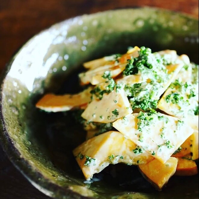②ボールにみじん切りしたパセリとたべる基本のだしと白胡椒を混ぜて、切ったコリンキーを入れよく混ぜ合わせる。
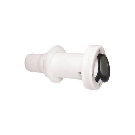 White nylon thru-hull with scupper valve attached.
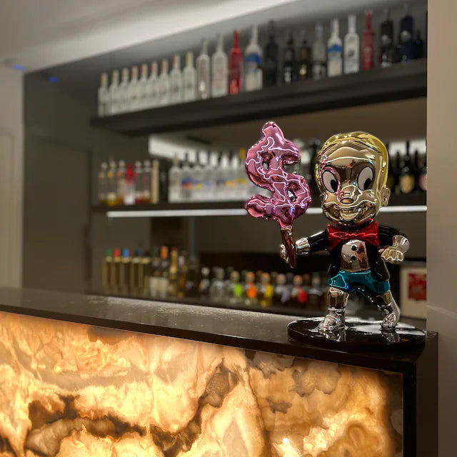 ريتشي™ تُجسّد روح الفخامة والسحر الخالد، حيث تمزج بين ثقافة البوب والفن الراقي. لمستها النهائية من الكروم والطلاء الكهربائي النابض بالحياة يجعلان من هذه القطعة المحدودة الإصدار رمزًا للفخامة المرحة، مصممة خصيصًا لهواة الجمع الذين يبحثون عن فنّ مميز يُثير الأحاديث.

_TASK ITEM_.
Apart from the pictures, every line above must be printed exactly.

_EXERCISE OUTPUT_.
②ボールにみじん切りしたパセリとたべる基本のだしと白胡椒を混ぜて、切ったコリンキーを入れよく混ぜ合わせる。
 White nylon thru-hull with scupper valve attached.
 ريتشي™ تُجسّد روح الفخامة والسحر الخالد، حيث تمزج بين ثقافة البوب والفن الراقي. لمستها النهائية من الكروم والطلاء الكهربائي النابض بالحياة يجعلان من هذه القطعة المحدودة الإصدار رمزًا للفخامة المرحة، مصممة خصيصًا لهواة الجمع الذين يبحثون عن فنّ مميز يُثير الأحاديث.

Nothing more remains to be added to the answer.